DİKTİĞİ ELBİSELER İNGİLTERE’DE ÇIĞIR AÇTI
Ayşe Alpasar, Mehmet Seyfullah’ın (Tatar Mehmet Efendi) kızı olan Şerife Alpasar, Ali Alpasar ile tanıştıktan sonra 1948 yılında evlendiğini ve Kemer’e gelin geldiğini söyledi. Ayşe Alpasar, annesi ve babasının zorluklar içerisinde yaşamlarını devam ettirdiğini ifade ederek, “Annem Kız Enstitüsü mezunu olduğu için dikiş öğrenmiş. Annem ve babam 1860’lı yıllarda turizme başlıyorlar. Kemer’deki ilk pansiyon annemle babama ait. Çok büyük savaş vermişler. Anneme Akif Şeker’den bir dikiş makinesi hediye geliyor ve annem terziliğe başlıyor. Köydeki kızların gelinliklerini dikiyor. 30’dan fazla öğrenci yetiştiriyor.
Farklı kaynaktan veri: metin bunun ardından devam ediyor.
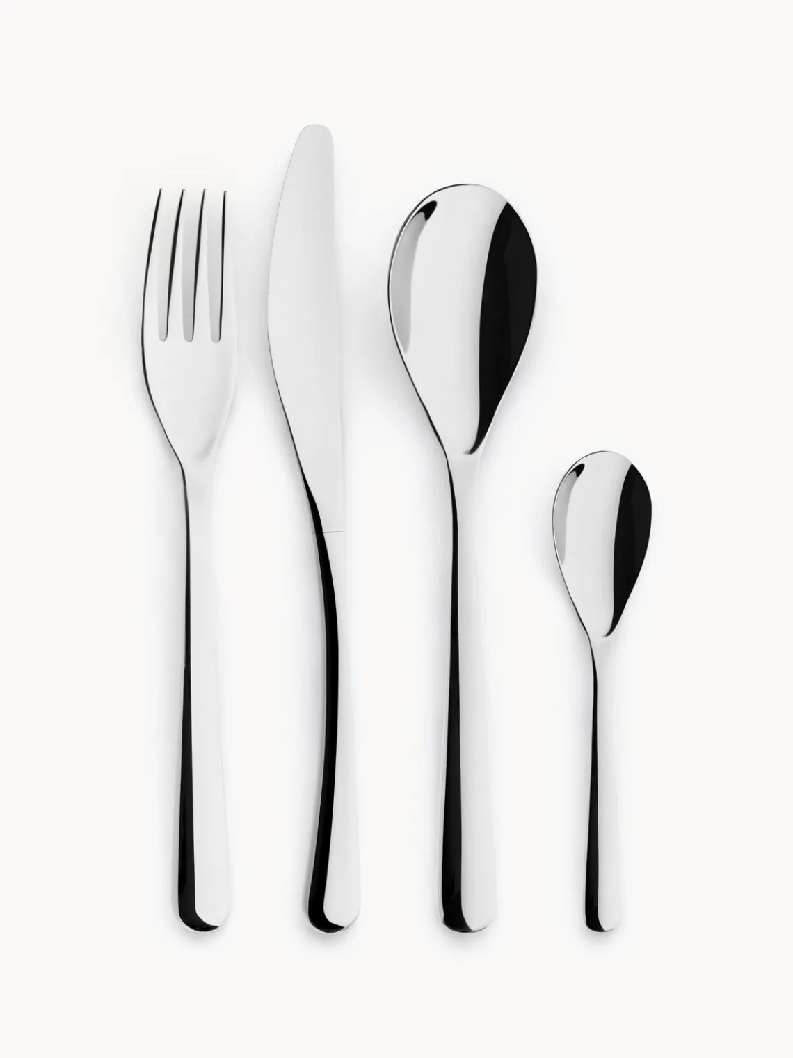 Cubertería de 16 piezas consta de cuatro tenedores, cuatro cuchillos, cuatro cucharas y cuatro cucharillas.

Pansiyona gelen müşterilere şalvar ve şal gibi kıyafetler dikiyor. Soy adını hatırlayamadığım İngiltere’de Arthur adında bir yazar vardı. Eşi mankendi. O kadına bir elbise dikiyor ve siparişle 15-20 tane daha diktiriyorlar. Annemin diktiği elbiseler İngiltere’de Times ve diğer dergilerde yayınlandı. Annemin yaptığı elbiseler İngiltere’de çığır açmıştı.” dedi.
KEMER’E HER GELEN MİSAFİRİ EVİNDE AĞIRLIYORDU
Annesinin Kemer’in ilk pansiyonunun sahibi olduğuna dikkat çeken Ayşe Alpasar, “Annem, Kemer’e gelen vali olsun normal vatandaş olsun herkesi kendi evinde ağırlıyordu. Bir gün Orta Doğu Teknik Üniversitesi (ODTÜ) hocaları tekneyle gezerken Kemer’i görüyorlar. Kemer’i çok beğeniyorlar ve Kemer’de tatil yapmak istiyorlar. Hocalara Kemer’de kalabilecek bir yer yok ama nahiye müdürüne mektup yazın belki köy evlerinde kalabilirsiniz diyorlar. Nahiye müdürüne mektup yazıyorlar ve “Para karşılığında 15 kişi Kemer’de kalmak istiyoruz” diyorlar. Nahiye müdürü de babam Ali Alpasar’a “misafirleri sen ağırla” diyor. Babam tamam diyor ama para karşılığı olmaz diyor. İçlerinden biri zar zor az bir miktar para veriyor. Gelen grup 15 kişi değil 30’un üzerindeymiş. Yatakları yeterli gelmemiş. Komşulardan temin etmişler. ODTÜ hocaları döndüklerinde öğrencilerine ve arkadaşlarına Kemer’i anlatmış. Bu iş daha sonra giderek büyümüş. Daha sonra küçük bir pansiyon yapmışlar. Babam hiçbir zaman müşteri demezdi, misafir derdi. Annem kendi yaptığı yiyecekleri misafirlere ikram ederdi. Mücver ve civge yemekleri İngilizlerin her zaman en çok beğendiği yemekler olurdu. Annem ve babam Kemer’de turizmin yayılması için çok savaş verdi. Turizm illaki Kemer’e gelecekti ama annem ve babam sabrederek ve azmederek 1960’lı yıllarda Kemer’e turizmi getirmiş.” diye konuştu.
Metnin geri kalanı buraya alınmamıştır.